** Problem **
Where the line containing "Сидение выдвигается вперед, открывая" appears, end the copy there, keeping that line; start from the first line of the entries, copy exactly, and omit pictures.

** Information supplied **
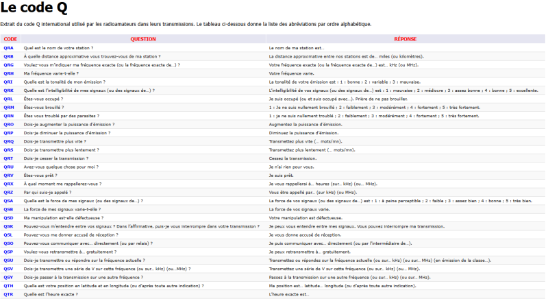 Les radioamateurs du monde entier utilisent le Code Q (dérivé de codes militaires) permettant de se comprendre facilement malgré la barrière de la langue. Ces raccourcis de 3 lettres permettent de coder les infos principales échangées lors d'un ... QSO.
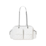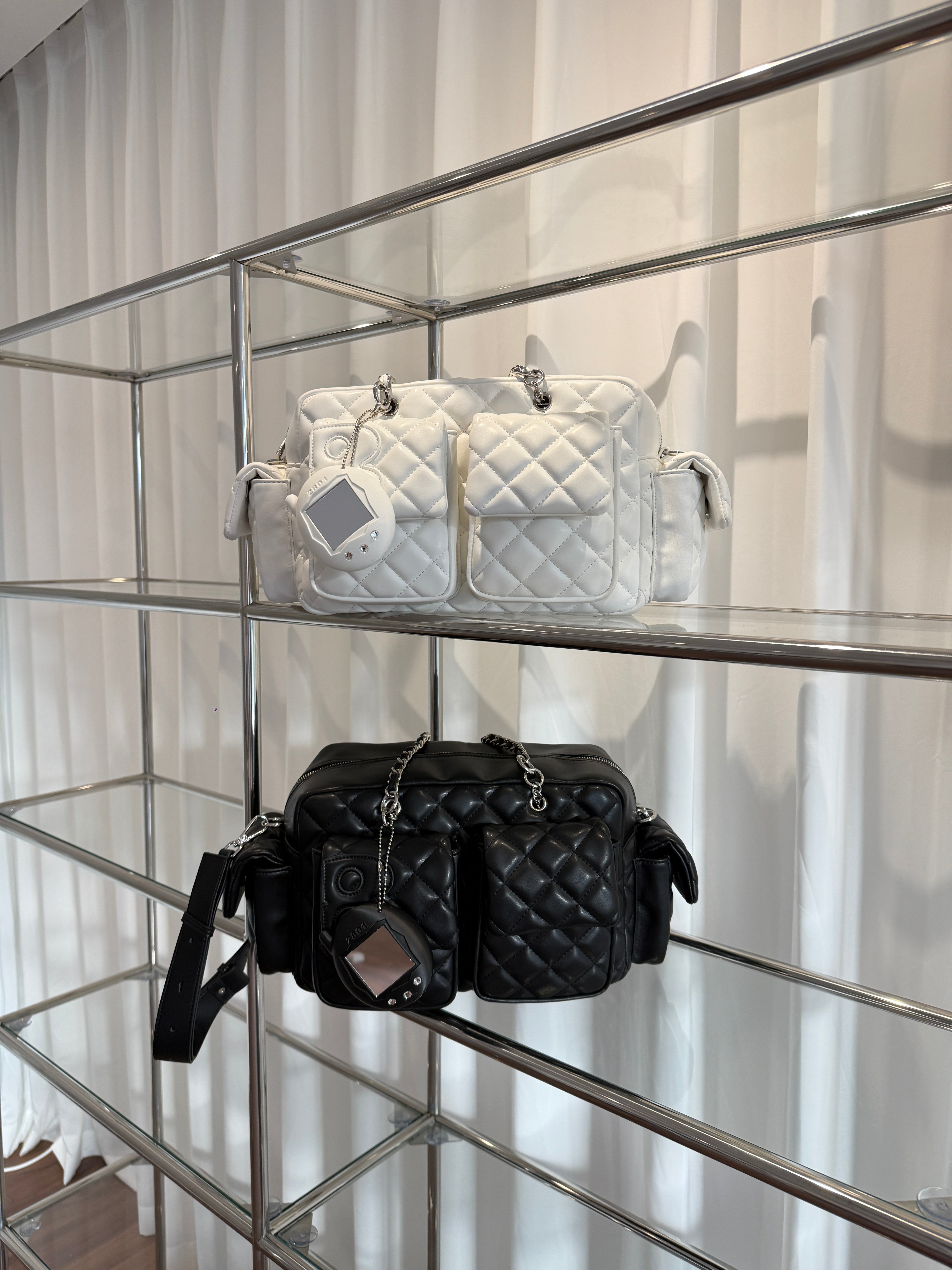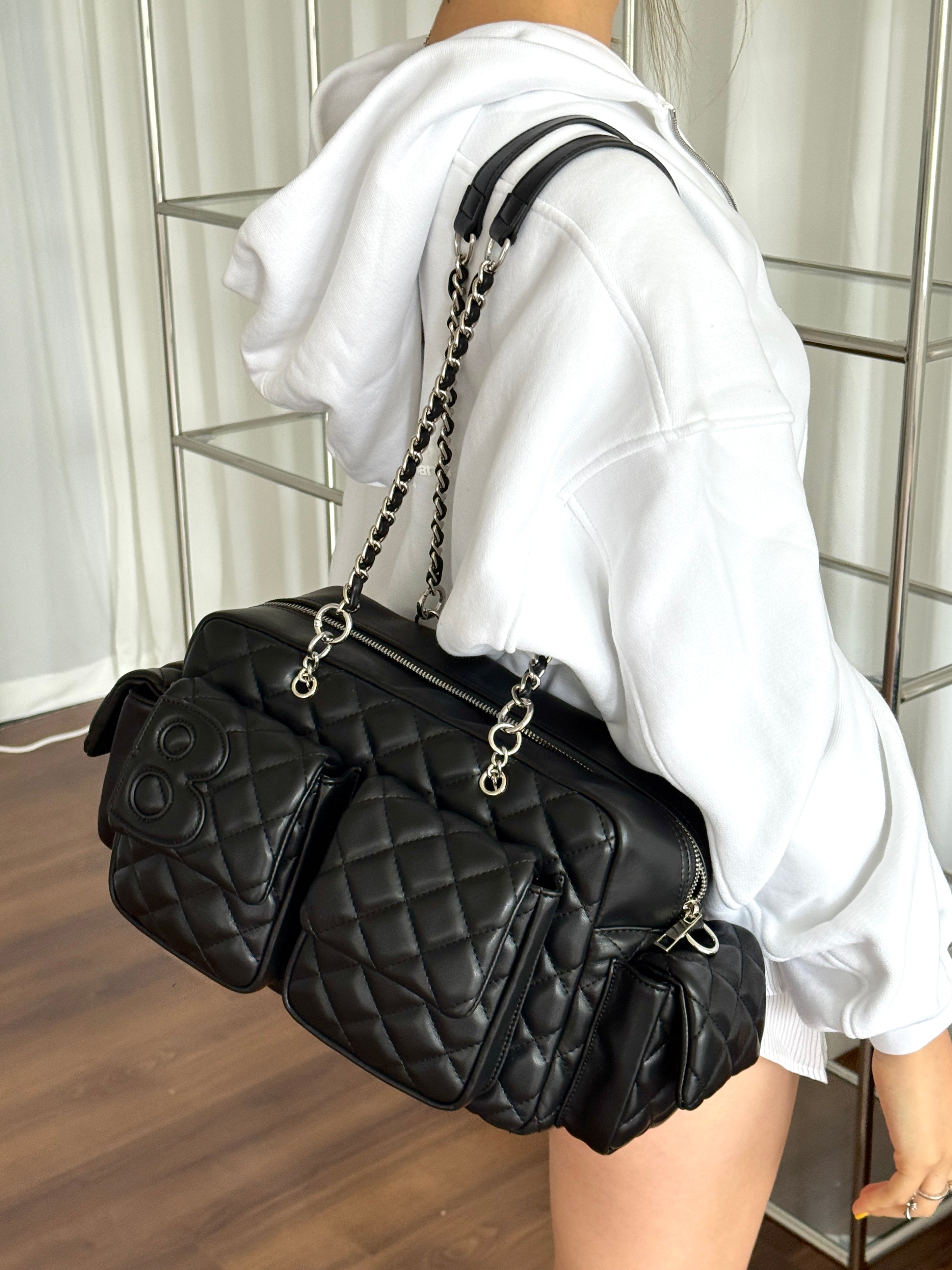 The Moto Bag features a padded quilted body and embossed “8” logo. A playful nod to classic biker gear with a soft, structured silhouette. Comes with a Tamagotchi bag charm.
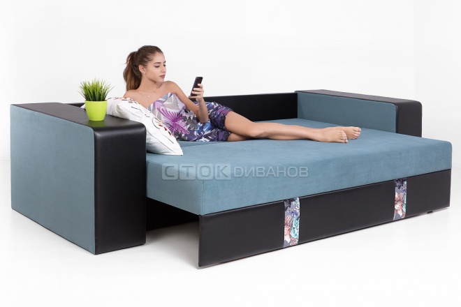 Сидение выдвигается вперед, открывая бельевой ящик, а спинка опускается на освободившееся...
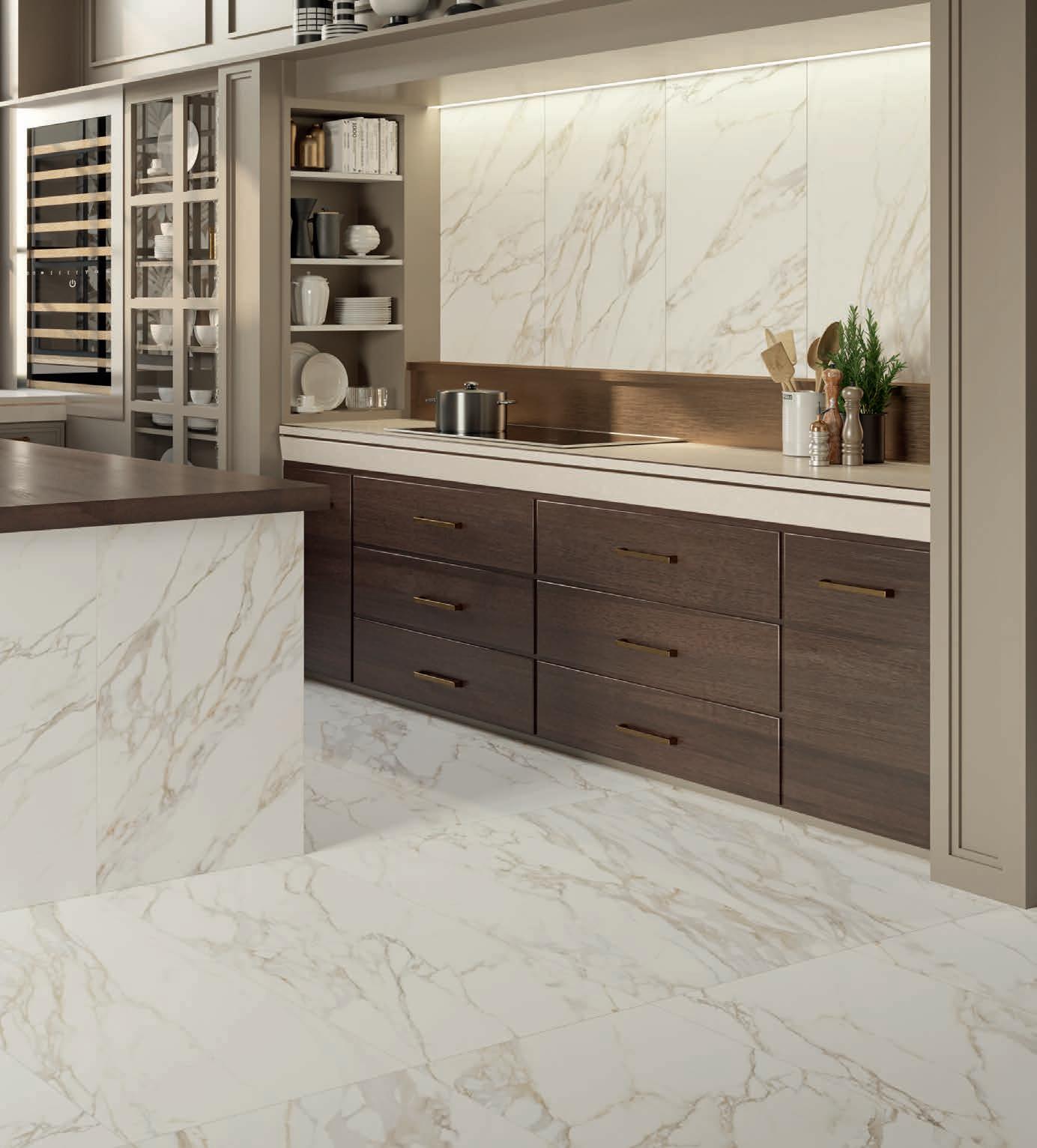 Die Reinheit der Weißtöne wird durch edle Zeichnung der vier schönsten und begehrtesten italienischen Marmore wie Calacatta, Statuario, Arabescato und Dolomiti betont.
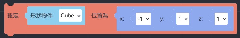 範例:原先的 Cube 位在(0, 0, 0),假設將 Cube 位置設定在本身座標的(-1, 1, 1),觸發時 Cube 即在(-1, 1, 1)的本身座標顯示。
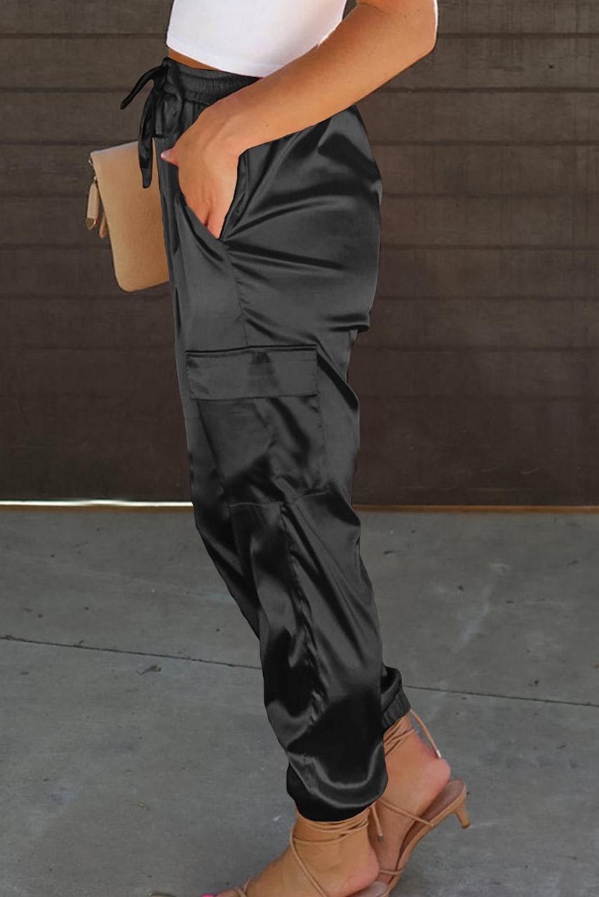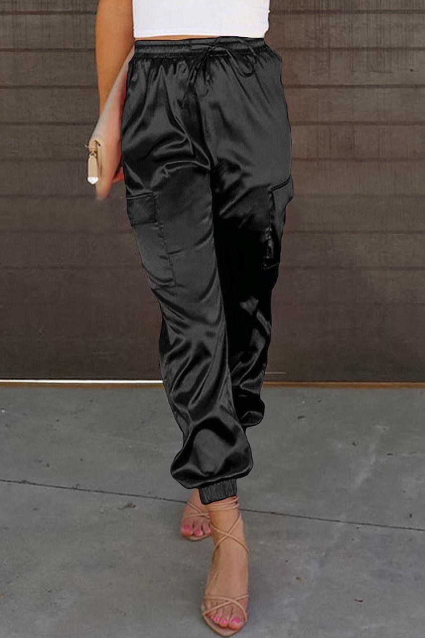 Παντελόνι σατέν cargo με τσέπες και λάστιχο στην μέση. Ιδανικό για βραδινές βόλτες και σικάτες εμφανίσεις.
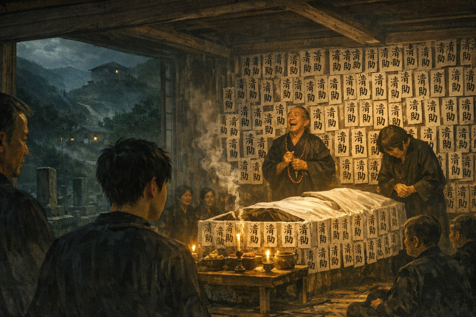 お経も無く、変な平屋のような場所に棺桶が置かれており、びっしりと清助の名前が書かれた札を貼っていて、その挙句、親戚の何人かは笑っているのである。
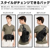 【2WAYウエストバッグ】新型な便利デザイン、2wayで使えます。バルトは調整できますが、お客様の腰回りによりピッタリと装着できウェストバッグです。肩に掛けて、すぐショルダー斜め掛けバッグになります。
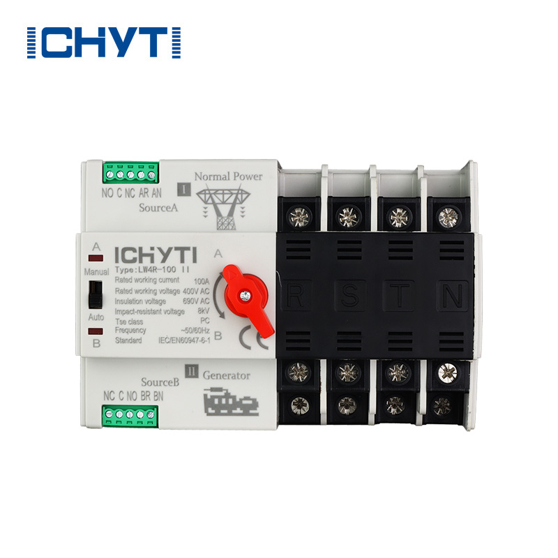 Comutatorul de transfer automat ICHYTI 100amp din China Factory este ideal pentru sistemele de alimentare de urgență cu 400V și 100A AC la 50 sau 60Hz. Designul său compact, funcționalitatea de transfer fiabilă, instalarea și întreținerea ușoare și durata lungă de viață îl fac o alegere populară. Comutatorul de transfer automat de 100 amperi este potrivit pentru diverse aplicații în care alimentarea continuă cu energie este esențială și poate fi acționat atât electric, cât și manual. Comutatorul automat de transfer de 100 amperi din seria LW2R este în conformitate cu cerințele IEC60947-6-1 pentru aparatele de comutare și dispozitivele de control de joasă tensiune.
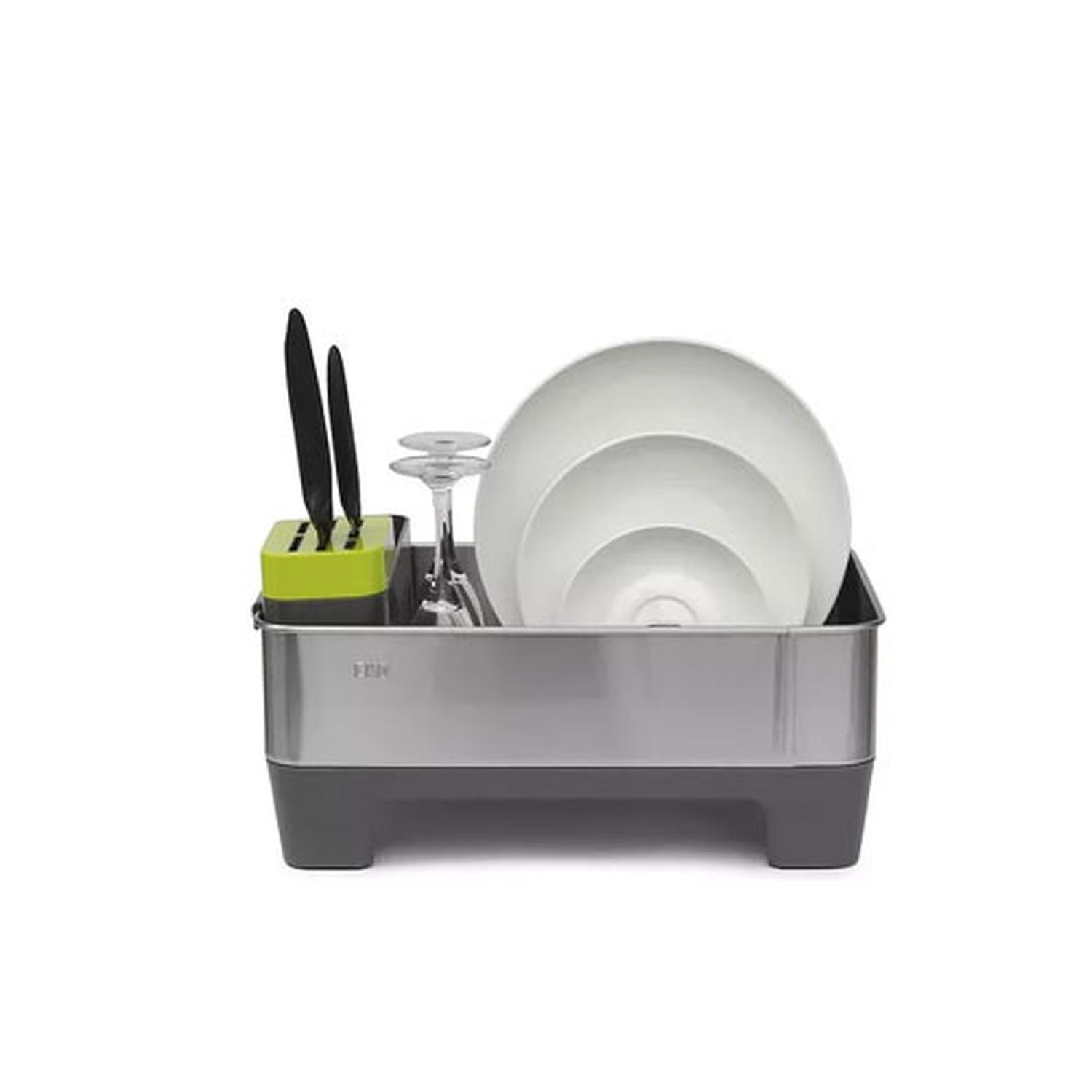 Nuestro Secaplatos Small es ideal para espacios reducidos. Cuenta con un compartimiento para que puedas poner tu loza y logres el secado perfecto de esta ya que tiene un canal inferior de flujo. Al ser de acero inoxidable anti-huellas y contar con soporte de vasos se convierte en el complemento ideal para tu lavaplatos.
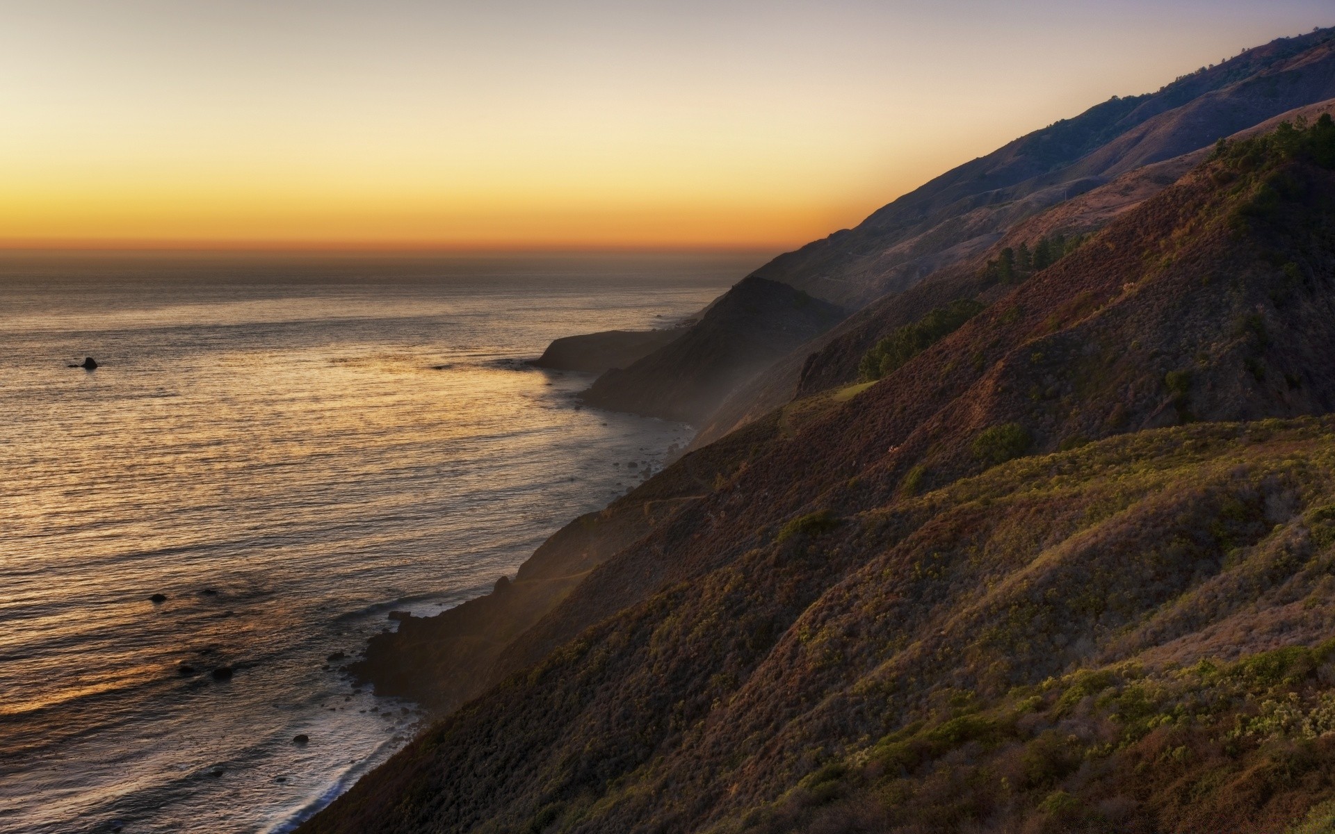 Hermosa puesta de sol en la playa en América

** Response below **
 Les radioamateurs du monde entier utilisent le Code Q (dérivé de codes militaires) permettant de se comprendre facilement malgré la barrière de la langue. Ces raccourcis de 3 lettres permettent de coder les infos principales échangées lors d'un ... QSO.
 The Moto Bag features a padded quilted body and embossed “8” logo. A playful nod to classic biker gear with a soft, structured silhouette. Comes with a Tamagotchi bag charm.
 Сидение выдвигается вперед, открывая бельевой ящик, а спинка опускается на освободившееся...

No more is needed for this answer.